In the absence of communal politics, we might have naturally developed trust and respect for each other. We might have developed a policy of give-and-take and present a shining example to the world as we did with the creation of Urdu, the language symbolising the fusion of two great civilisations. We might have developed the greatest possible unity, so great that no power in the world would have dared to break up this land.

But then the entry of a colonial power completely changed everything. The partition of Bengal in 1904 and the 'Reforms' of 1909 was only the beginning of a tragedy. The Hindus as well as the Muslims, rather certain Hindus and Muslims fell into this trap and then divided the country, resulting in fratricide of a level that would shame any civilised society.

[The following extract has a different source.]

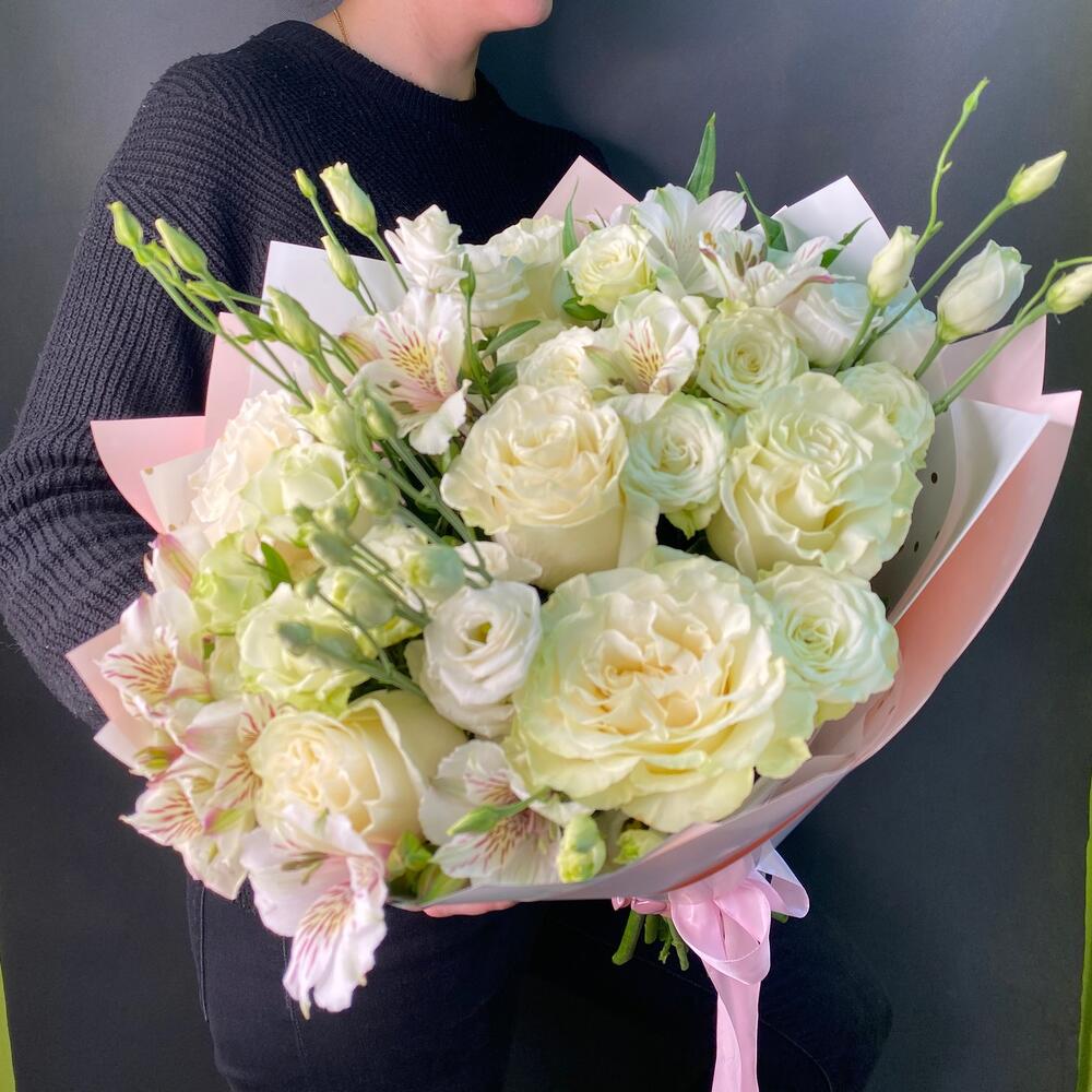 Нежный , трогательный и очаровательный букет из белоснежных цветов. Оформлен в красивую бело-розовую бумагу.Букет нежных цветов – это идеальный подарок , если хочется удивить или сделать приятный сюрприз.День мамы – это великолепный повод порадовать свою любимую мамочку, свекровь или дорогую супругу, которая тоже мама. Выбирая цветы отталкивайтесь от характера матери. Если она нежная , кроткая , воздушная , с тихим и спокойным нравом подарите букет белых , светлых , пастельных тонов. Красиво смотрится нежный градиент или микс из приглушенно-розовых, белых и кремовых оттенков.

The ideal of pre-partition secularism was perhaps bought out in the greatest possible way by Gandhi himself. A devout Hindu, Gandhi was also assertively secular, thus proving how happily secularism and religion can go with each other. The constitution of India, drafted in the tumultuous years immediately after partition, contained no ringing proclamation of secularism (it did not even use the word 'secular' in the preamble). Yet through provisions like those enshrined in Article 25, the freedom of each person to follow his or her religion was clearly established.

As an independent Nation

An obvious fact is that constitutions are only as good as the people who are responsible for making it work. To ensure that India truly became secular, a quality leadership at the centre was of prime necessity. And in the Indian case, Pandit Nehru provided that. Nowadays, it is hardly possible to point out the good in Nehru, especially considering how much false propaganda there has been in his name. But, the fact that equality between religions became facts of life and not just pretty words, a major part of the credit has to be given to Nehru and the leadership of that era. Individuals like Patel, Rajaji, Azad and others have also not been given enough credit for this achievement.

In the very first General Elections, the major plank of Pandit Nehru's campaign was against communal parties. This was extremely necessary at that point. Considering the ghastly violence during the partition, India needed to provide whatever assurance was necessary to allay the fear of the minorities. In almost every rally he participated in, he spoke out against the Hindu communalists (Muslim communalism was then non-existent), particularly singling out the Jana Sangh and the Hindu Mahasabha. The results reflected the national opinion against communalism. In fact, Nehru's India saw very less disturbance on the communal front. The parties which used religion as the basis for collecting votes remained perpetually on the margins. Communal pressure groups like the Sangh did exist (they were earlier banned for a brief duration following Gandhi's assassination) yet their activities were more or less restricted.

Setbacks

During the 1960s and 1970s, there were several sporadic riots at various times. However, the first major setback to secularism came in 1984, ironically during the rule of the party which had played a historic role in defending secularism. Sikh extremists had made the holiest Sikh shrine their shelter. In what was called the 'Operation Blue Star', the army was called in to flush out the extremists. Yet the Operation culminated in a disastrous end, despite the militants being killed. What happened in the next few months or so went down in history as the first pogrom of independent India.

The 1980s were by far the most disheartening as far as maintaining a secular polity is concerned. This decade saw a rebirth of the erstwhile Jana Sangh, albeit in a more venomous avatar. All of that resulted in the demolition of a structure which was a symbolic demolition of the tradition of tolerance. Violence erupted yet again in the very beginning of the century, as the action of a few and the inaction of many in Gujarat turned the state into a hellhole.

But secularism continues to exist in our country, despite the threats issued to it from various quarters. A nation is, after all, greater than any religion and humanity is greater than any nation. For our nation to remain a united whole, rather than a divided one, we need to fight communalism in all its manifestations, whether it be in the form of harmless-looking stereotypes or in the form of communal political parties.